Kachi Lithium Project Faces Price Volatility and Regulatory Hurdles Despite Cost Cuts
Lake Resources has released an updated feasibility study for its Kachi lithium brine project, revealing significant capital and operating cost reductions that enhance the project's competitive edge in the lithium market.
- 16% reduction in capital expenditure to US$1.157 billion
- 3% decrease in operating costs to US$5,895 per tonne LCE
- Incorporation of Lilac Solutions Gen 4 direct lithium extraction technology
- Updated resource and reserve estimates with higher lithium concentrations
- Robust financial metrics, pre-tax NPV10 of US$1.47 billion and IRR of 22.5%
Updated Feasibility Study Highlights Cost Efficiencies
Lake Resources N.L. has unveiled a Definitive Feasibility Study (DFS) Addendum for its flagship Kachi lithium brine project in Argentina, delivering a material update to its December 2023 study. The addendum showcases a 16% reduction in capital expenditure (CAPEX) to US$1.157 billion and a 3% cut in operating expenditure (OPEX) to US$5,895 per tonne of lithium carbonate equivalent (LCE), positioning Kachi as one of the lowest-cost lithium producers globally.

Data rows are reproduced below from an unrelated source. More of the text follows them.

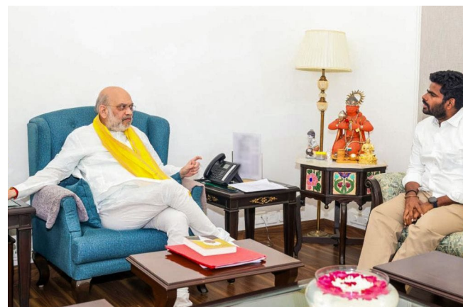
While Annamalai was given a free hand by the BJP, the party's performance in Tamil Nadu had already witnessed a noticeable decline in the April-May 2026 Assembly elections, when
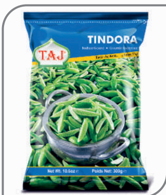
Tindora 300 g / 1 kg
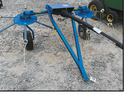
Ranch Right 2 basket tedder, new, last one! $1,450
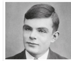
Alan Turing computer science pioneer
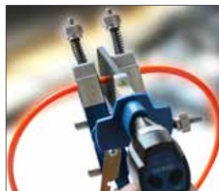
Precise welding thanks to constant pressure.
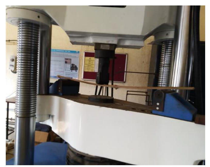
Fig -3: Bamboo Strip Bending Test

A beam of suitable length to support the test specimen was kept at right angle to the platform of the Universal testing machine. The test specimen was placed on supports with saddles and a wooden beam was placed over the specimen using saddles in such a way that load is applied through the loading head of the testing machine. The test specimen was then allowed to find its own position; the specimen, saddles, load and supports was aligned visually in one vertical plane. The loading of the test specimen was carried out uniformly at constant speed. The loading head of testing machine was moved at the rate of 0.5 mm/s. Deflection at the middle of the span was recorded at the points of sudden changes in deflection, at the time of failure and at maximum level. Crack development and the form of failure were noted.

These savings stem from a series of engineering optimizations, including a higher average lithium brine concentration of 249 mg/L used in the updated design basis, compared to 205 mg/L previously. This improvement alone enables the elimination of several extraction wells and associated infrastructure, reducing both upfront and ongoing costs.
Technological Advances Drive Performance Gains
Central to the cost reductions is the adoption of Lilac Solutions’ Generation 4 direct lithium extraction (DLE) technology. This latest iteration doubles the lifespan of ion exchange media and boosts lithium recovery rates from 80% to 90%, while significantly cutting water and reagent consumption. The technology’s enhanced efficiency allows for a smaller plant footprint and lower energy demands, contributing to the overall CAPEX and OPEX improvements.
Complementing this, the project has optimized its wellfield layout and pipeline network, switching to high-density polyethylene (HDPE) piping to reduce material costs and simplify installation. The elimination of the ultrafiltration system in favor of pressure filtration further streamlines operations.
Robust Resource and Reserve Base Underpins Project Economics
The updated mineral resource estimate now totals 11.1 million tonnes of LCE, with the measured and indicated resource categories increasing by approximately 10%. The ore reserve update reflects an average lithium grade of 268 mg/L over a 25-year life of mine, slightly higher than the DFS Addendum design basis, indicating potential for further cost optimizations.
Financially, the project demonstrates strong resilience with a pre-tax net present value (NPV10) of US$1.47 billion and an internal rate of return (IRR) of 22.5%. Post-tax figures remain robust with an NPV10 of US$1.01 billion and IRR of 19.7%. The project targets steady production of 25,000 tonnes per annum of battery-grade lithium carbonate, supported by a streamlined single-phase construction approach enabled by anticipated grid power availability.
Environmental and Strategic Outlook
Environmental approvals are progressing, with the final Exploitation Environmental Impact Assessment (EIA) approval expected in the second half of 2025. The project’s design incorporates sustainable water management and reinjection strategies to maintain aquifer pressure and minimize ecological impact.
Lake Resources is concurrently advancing a strategic alternatives process, exploring options such as partial or full sale of its interest, partnerships, or mergers. This reflects a proactive approach to preserving financial flexibility and maximizing shareholder value amid evolving market conditions.
Bottom Line?
With significant cost reductions and enhanced technology, Kachi is poised to strengthen its position in the competitive lithium market, though investors should watch lithium price volatility and regulatory milestones closely.
Questions in the middle?
- How will lithium price fluctuations impact Kachi’s long-term profitability?
- What are the potential outcomes and timelines of Lake Resources’ strategic alternatives process?
- Can Lilac Solutions’ Gen 4 technology scale effectively to meet full production demands?